本教程将使用 Flower 数据集的图像分类任务来进行介绍,如何使用自定义 DataBuilder 完成联邦学习。
环境设置#
[1]:
%load_ext autoreload
%autoreload 2
[2]:
import secretflow as sf
# Check the version of your SecretFlow
print('The version of SecretFlow: {}'.format(sf.__version__))
# In case you have a running secretflow runtime already.
sf.shutdown()
sf.init(['alice', 'bob', 'charlie'], address="local", log_to_driver=False)
alice, bob, charlie = sf.PYU('alice'), sf.PYU('bob'), sf.PYU('charlie')
2023-04-17 15:14:51,955 INFO worker.py:1538 -- Started a local Ray instance.
接口介绍#
我们在 SecretFlow 的 FLModel 中支持了自定义 DataBuilder 的读取方式,可以方便用户根据需求更灵活的处理数据输入。
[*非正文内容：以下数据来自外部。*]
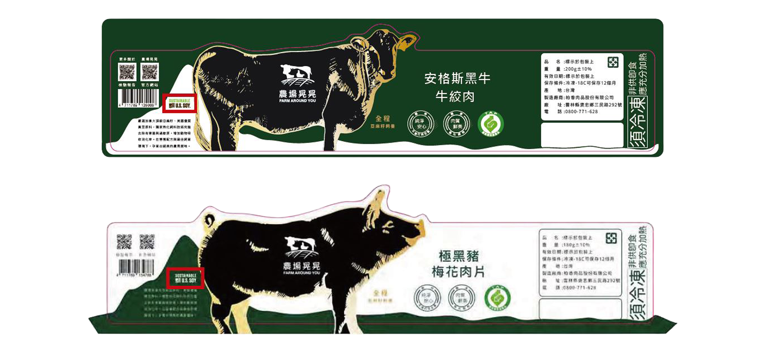 또한 최근에는 축산물과 수산물의 포장재에 부착되는 Fed with SUSS logo가 추가됐습니다. Fed with SUSS logo는 지속가능한 미국대두를 60% 이상 사용한 사료를 급여하여 생산된 축산물과 수산물에만 사용할 수 있습니다.

下面我们以一个例子来展示下,如何使用自定义 DataBuilder 来进行联邦模型训练。
使用 DataBuilder 的步骤:
使用单机版本 PyTorch 引擎进行开发,完成 PyTorch 下构建 DataLoader 的 DataBuilder 函数。注:dataset_builder 函数需要传入 stage 参数
将各方的 DataBuilder 函数进行 wrap,得到 create_dataset_builder。
构造 data_builder_dict [PYU, dataset_builder]。
将得到的 data_builder_dict 作为参数传入
fit函数的dataset_builder。此时x参数位置传入 dataset_builder 中需要的输入。(比如:本例中传入的输入是实际使用的图像路径)。
在 FLModel 中使用 DataBuilder 需要预先定义 databuilder dict。需要能够返回 tf.dataset 和 steps_per_epoch 。而且各方返回的 steps_per_epoch 必须保持一致。
data_builder_dict =
{
alice: create_alice_dataset_builder(
batch_size=32,
), # create_alice_dataset_builder must return (Dataset, steps_per_epoch)
bob: create_bob_dataset_builder(
batch_size=32,
), # create_bob_dataset_builder must return (Dataset, steps_per_epochstep_per_epochs)
}
下载数据#
Flower 数据集介绍:flower 数据集是一个包含了 5 种花卉(雏菊、蒲公英、玫瑰、向日葵、郁金香)共计 4323 张彩色图片的数据集。每种花卉都有多个角度和不同光照下的图片,每张图片的分辨率为 320x240。这个数据集常用于图像分类和机器学习算法的训练与测试。数据集中每个类别的数量分别是:daisy(633),dandelion(898),rose(641),sunflower(699),tulip(852)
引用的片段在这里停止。